В начале января в "Правде" вдруг появилось сообщение о "врачах-вредителях". Первым моим впечатлением было, что Сталин решил добраться до медицины и привнести в нее марксизм-ленинизм, как это недавно им было сделано с языкознанием и экономикой. Затем пришла мысль, что дело не только в этом: видимо обстановка требует повышения бдительности (аналогично секретности). Тем более, что живой пример демонстрировала врач Л. Тимащук, награжденная вскоре орденом Ленина за разоблачение "убийц в белых халатах". И только позднее, когда о деле арестованных врачей стали говорить вовсю, пришла мысль о том, что в их списке почти одни еврейские фамилии. Впрочем только мысль, так как все эти события никак не сказывались на "Беспокойном": не было никаких партсобраний или других мероприятий по этому поводу. Правда, Георгий Петрович, кажется, провел раз политинформацию в этой связи, но главная идея была повышение бдительности, и только.

Среди офицеров "Беспокойного" было три еврея: командиры БЧ-I (штурман), БЧ-IV (связист) и начальник службы И (интендант).

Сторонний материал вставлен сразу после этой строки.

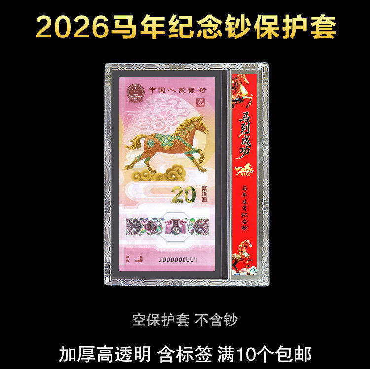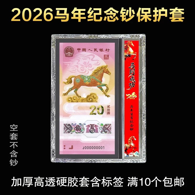 📚 2026年生肖马纪念钞硬胶套贺岁龙钞透明保护套纸币人民币收藏册钱币标签硬夹保护袋1张装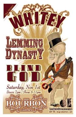 Saturday, Nov 1st I.M.U. presents WHITEY, LEMMING DYNASTY & BLIND GOD . Early Show 8-11pm @ The Bourbon, 50 West Cordova . Early show 8-11pm sharp / Purchase advance tickets online @ imuproductions.com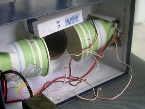 因为之前试过多种箱体结构都不得已放弃,那些结构在这个箱体中低频根本无法很好的改善,有的甚至火上浇油。而加之刚才又增加了一个单元,箱体的内部又成为了一个新的蛀波集散地。于是首先想到的是能够继续做成后导向,通过密封纸板来引导单元背后的声波达到导相孔而不出现混乱,就找出家中质量比较好的纸杯作为通道。掏空底部,将两个纸杯分别套入单元的"屁股",周围用硬纸板做通道,再次试音。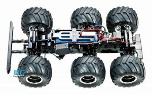 · The 6WD chassis employs 3 differential gears to transmit power from the front-center-mounted motor to all of the model’s wheels. These differentials are encased in the durable main chassis.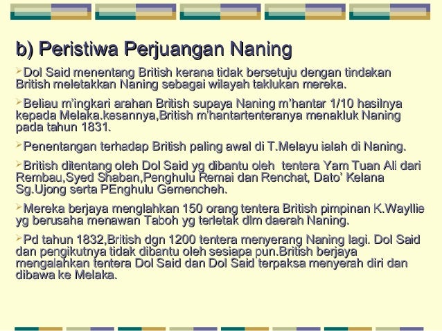 Bab 3 from image.slidesharecdn.com Dalam perang naning yang berlangsung selama 18 hari antara 6 ogos dan 24 ogos 1831, dol said telah berjaya menewaskan pihak british selepas mendapat sokongan orang melayu sebanyak 1,000 orang. A) 1831 british menghantar tentera untuk menakluki naning tetapi ditentang oleh penghulu dol said. Beliau seorang yang tekun mengaji, cekap dalam seni mempertahankan diri dan sentiasa dihormati orang ramai. Beliau diberikan pencen dan sebuah rumah di melaka. British melantik residen yang berpengalaman, bijaksana, fasih bahasa melayu dan pandai mengambil hati. Maharaja abu bakar dari johor menasihati yamtuan antah berdamai dengan british. Dato` naning abdul said bin bin omar omar nama gelaran : B) pada tahun 1831 :

Это обстоятельство, естественно, никак и ни на чем не отражалось. В свое время, после образования в 1948 году Израильского государства, провозглашенного Организацией Объединенных Наций, у меня возникала мысль о том, что у советских евреев как-то меняется их невидимый юридический статус; они становятся вроде советских немцев, финнов, турок и других людей, имеющих второе, историческое, отечество. Но, с другой стороны, оставалась, как и была, Еврейская автономная область. Поскольку решение об образовании Израиля было принято только после получения "добро"77 от Советского Союза, а точнее, от Сталина, коллизия снималась, и "еврейский вопрос", как и раньше, меня больше не интересовал.

Первое сообщение о болезни Сталина неожиданно заставило меня подумать о нем как о смертном человеке, поскольку он уже давно перестал быть таковым, превратившись в символ и государственный атрибут. Возникло чувство, что если он умрет, неизбежно начнутся перемены.

Известие о смерти было воспринято, как и положено, с серьезной и несколько торжественной грустью. По команде с флагмана на кораблях сразу же были приспущены флаги. Не сговариваясь, молча собрались в кают-компанию; когда вошел Георгий Петрович, все обратили внимание на его покрасневшие веки, похоже, он с трудом сдерживал слезы. Василий Иванович предложил всем разойтись по кубрикам и некоторое время побыть с матросами...78 Траур продолжался трое суток, и три утра подряд кормовые флаги поднимались только до половины фрагштоков. Такого мне, за свою длинную службу, видеть больше не приходилось.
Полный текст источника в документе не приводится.